▶ Instructions to follow
Only the lines from the start of the data through the line containing "5. 빨간 네모 박스에" should be written out, exactly as they are, with both ends included and the pictures left out.

▶ Data excerpt
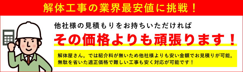 「解体屋さん。」は、お問い合わせからお引き渡しまでワンストップで行っております。下請け業者を雇っていない分、中間マージンなどは発生しないため、業界最安値クラスでご提供できております。また、利益だけを優先するような余分な提案も決してせず、無駄を省いた【適正価格】をお約束しております。
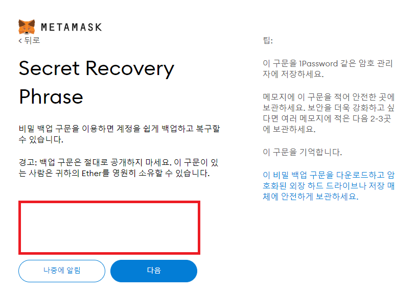 5. 빨간 네모 박스에 있는 시드 구문들을 순서대로 기억 & 보관을 하고 있어야합니다.
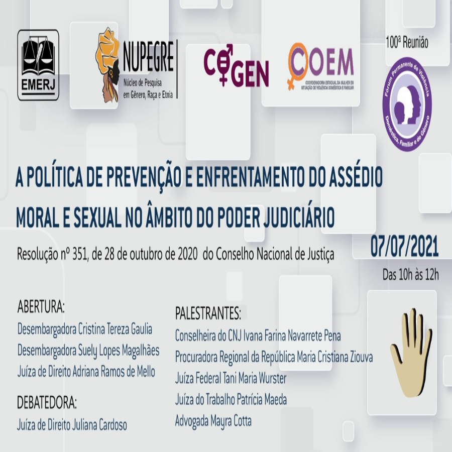 A resolução nº 351, de 28 de outubro de 2020 do Conselho Nacional de Justiça (CNJ), a respeito do enfrentamento do assédio moral e sexual no Poder Judiciário, será tema de debate na Escola da Magistratura do Estado do Rio de Janeiro (EMERJ). O evento “A política de prevenção e enfrentamento do assédio moral e sexual no âmbito do Poder Judiciário”, será dia 7 de julho, às 10h, via Zoom e YouTube, com tradução simultânea para a Língua Brasileira de Sinais (Libras). O encontro é realizado pelo Fórum Permanente de Violência Doméstica, Familiar e de Gênero e pelo Núcleo de Pesquisa em Gênero, Raça e Etnia (NUPEGRE), ambos da EMERJ, em conjunto com o Comitê de Promoção de Igualdade de Gênero, de Apoio às Magistradas e Servidoras e de Prevenção e Enfrentamento do Assédio e da Discriminação (COGEN/TJRJ) e a Coordenadoria Estadual da Mulher em Situação de Violência Doméstica e Familiar (COEM/TJRJ).

▶ Answer
 「解体屋さん。」は、お問い合わせからお引き渡しまでワンストップで行っております。下請け業者を雇っていない分、中間マージンなどは発生しないため、業界最安値クラスでご提供できております。また、利益だけを優先するような余分な提案も決してせず、無駄を省いた【適正価格】をお約束しております。
 5. 빨간 네모 박스에 있는 시드 구문들을 순서대로 기억 & 보관을 하고 있어야합니다.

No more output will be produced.